Educating portfolio companies and implementing ESG practices are crucial. A health check approach was proposed, tailored to different stages of growth and industry-specific circumstances, which provides feedback and recommendations for portfolio companies to improve. This approach recognises the importance of context and process rather than simply complying with a checklist provided by global LPs.
The participants acknowledged the struggle to connect ESG initiatives with profits, as financial data is regularly tracked, but ESG performance is not consistently measured or benchmarked. The need for definitive ESG KPIs and quantifying the benefits and profitability of ESG investments was emphasised. The discussion also addressed the challenge for startups to identify best practices and align themselves with industry standards. Indexes and feedback loops were suggested as tools to provide guidance and cross-checks for portfolio companies on their ESG journey.
4. Customising ESG Approaches for VC Investments
Participants discussed the challenges of conducting ESG due diligence in the VC industry. They highlighted the need to adapt the ESG due diligence process for VC companies based on their specific stages of development and future growth potential. Educating VC firms about the different ESG requirements compared to PE companies was emphasised.
Europe is ahead in terms of ESG awareness, while other regions like Asia present opportunities for sustainable development. The importance of focusing on material ESG topics for specific companies and sectors was emphasised.
The participants also mentioned ongoing efforts to address the lack of effective benchmarks for comparing ESG performance in private markets. They highlighted the Data Conversions Initiative, which aims to create benchmarks and facilitate the reporting of key ESG metrics by financial sponsors. The initiative has gained traction, with over 5,000 companies participating in reporting their data.
5. Overcoming Challenges in Asia: Risk Mitigation, Resource Constraints, and Developing ESG Ecosystems
The participants acknowledged that incorporating ESG considerations into investments in Asia could pose certain risks and pitfalls. They highlighted the potential challenge of using a cookie-cutter approach that fails to account for the diverse characteristics of different companies. The pressure to achieve immediate results and the limited resources of PE (Private Equity) or VC investments were also mentioned as potential barriers to effectively implementing ESG practices. Taking a long-term view and receiving guidance from LPs (Limited Partners) were suggested to mitigate these risks.
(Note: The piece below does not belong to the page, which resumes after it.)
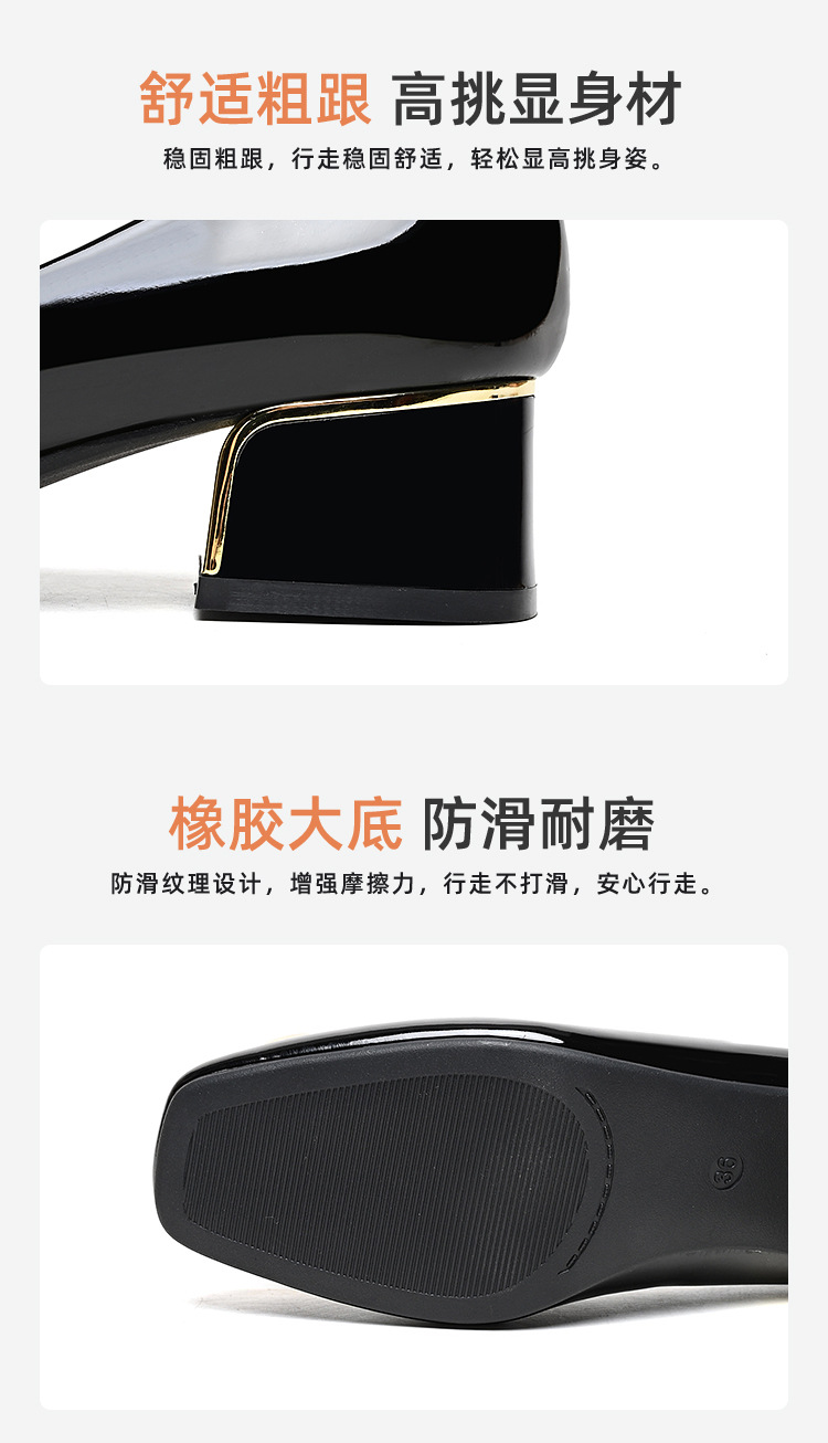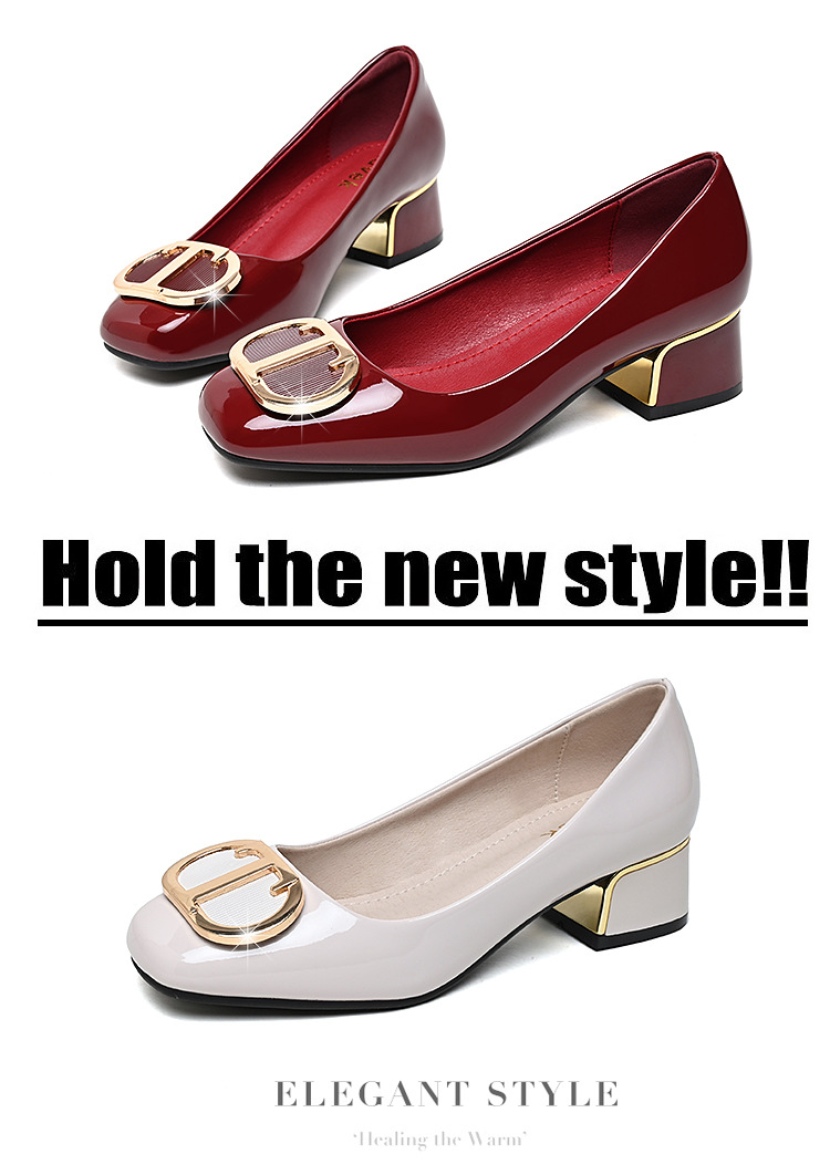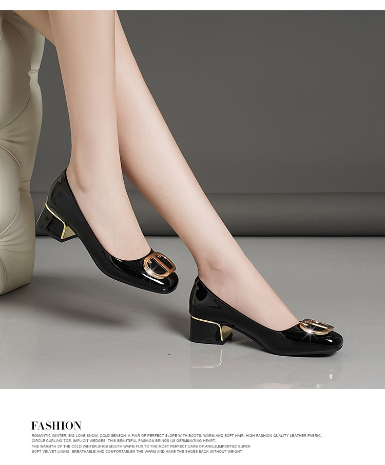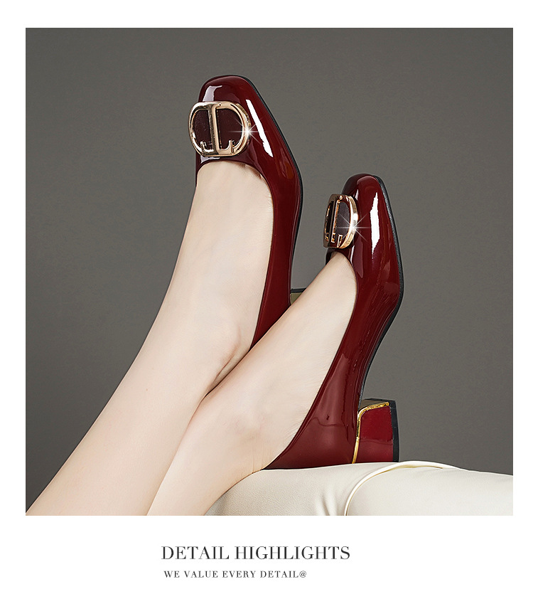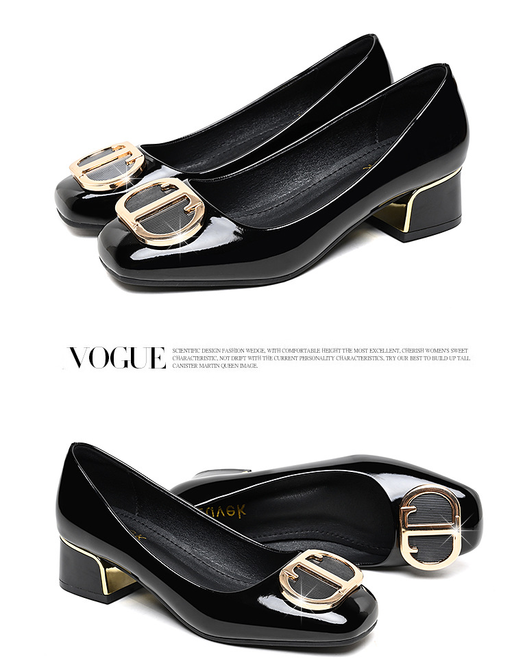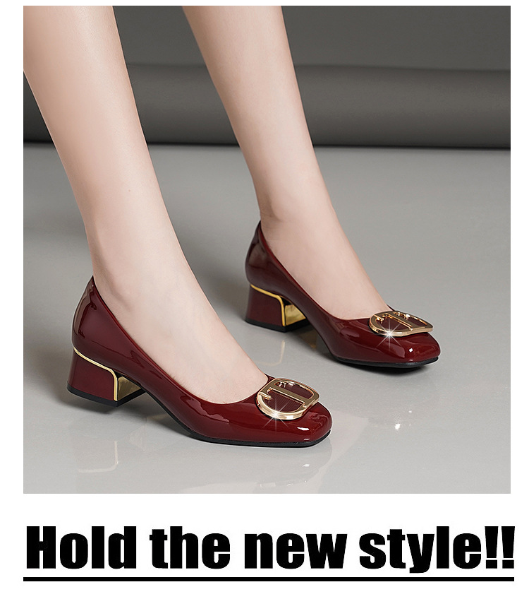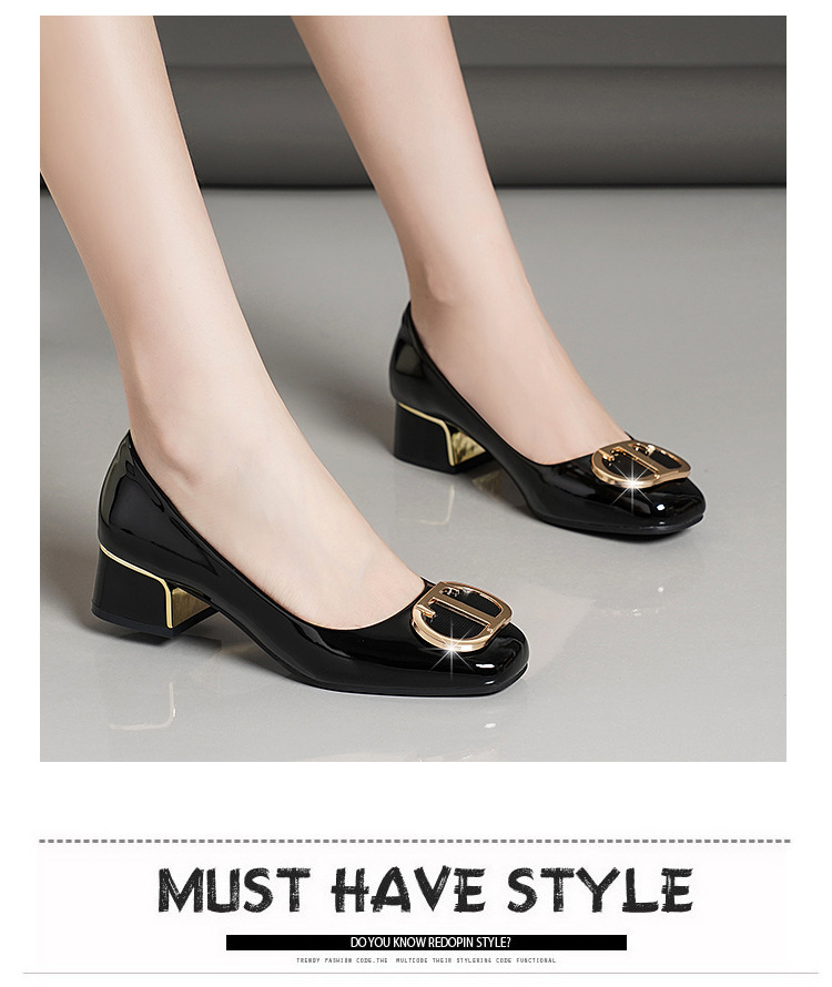 중간 굽 여성화 2025 봄 가을 한국 스타일 다용도 낮은 굽 두꺼운 굽 페이턴트 가죽 우아한 얕은 구두 직장용 통근화스토어 가기
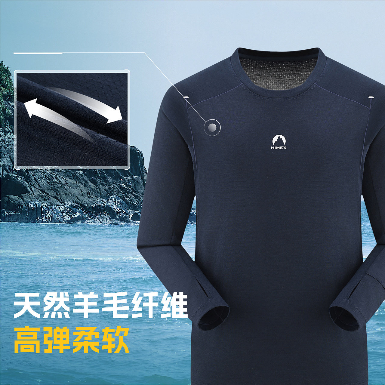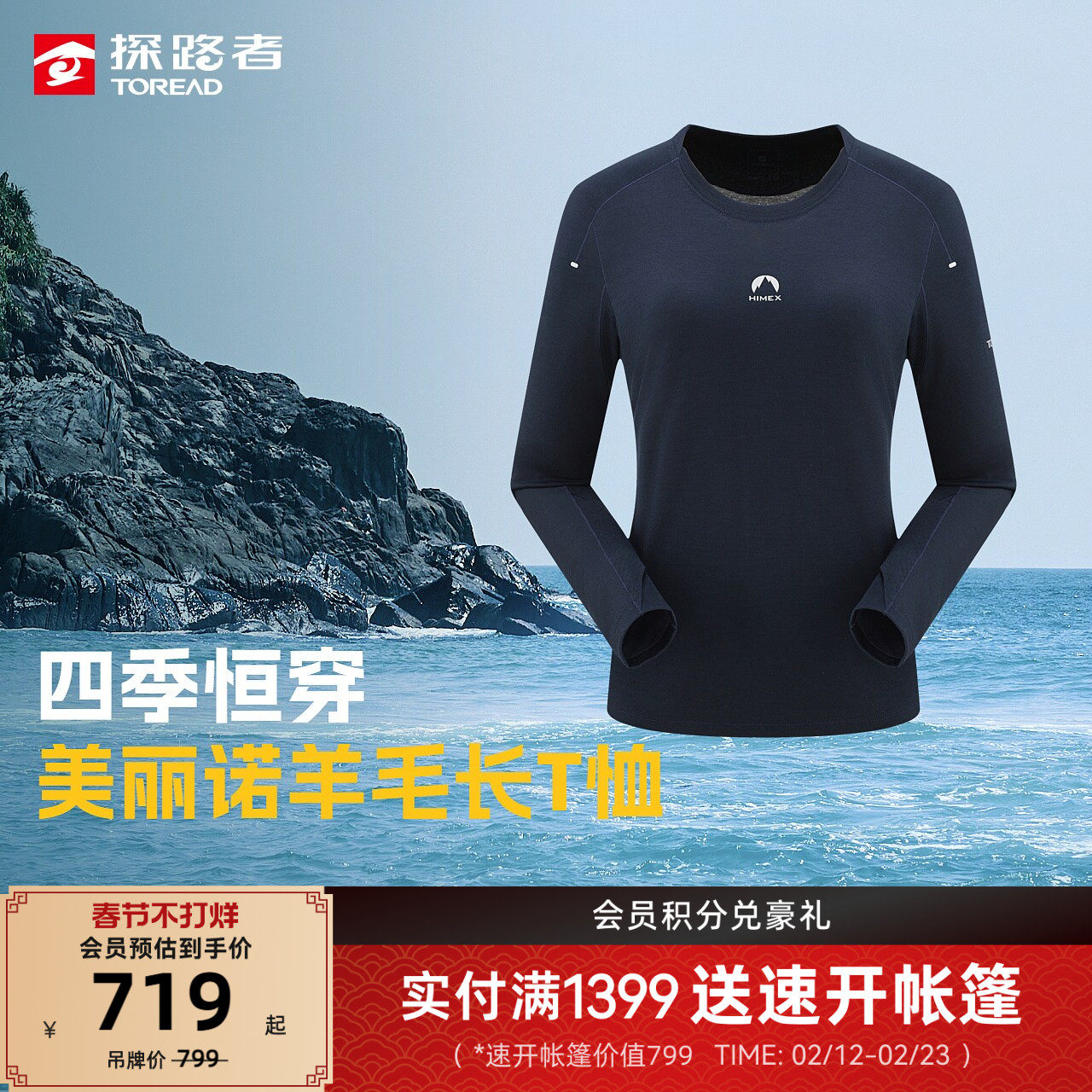 【商场同款】探路者户外运动长T恤男女款天然美丽诺羊毛吸湿透气

The participants also discussed the difficulties of gaining buy-in from investment teams, particularly in the current challenging market environment where the focus is often on short-term financial outcomes. The liquidity crunch, fundraising difficulties, and slower deal flow were identified as factors that could impact the prioritisation of ESG considerations. The need to allocate time and financial resources to ESG initiatives was recognised as a challenge, especially in the absence of on-the-ground expertise in the countries where investments are made.
The lack of clarity on what constitutes an ESG expert and the evolving nature of the field were highlighted. Participants noted that the complexity of ESG topics necessitates specialised knowledge and expertise in specific sectors or functional areas. In Asia, the additional challenges of language barriers and the limited pool of local ESG consultants were mentioned.
The discussion concluded with the recognition that local governments in Asia have yet to address ESG considerations fully, and there is a need for the ecosystem to develop further. Universities were identified as potential players in training and cultivating ESG expertise.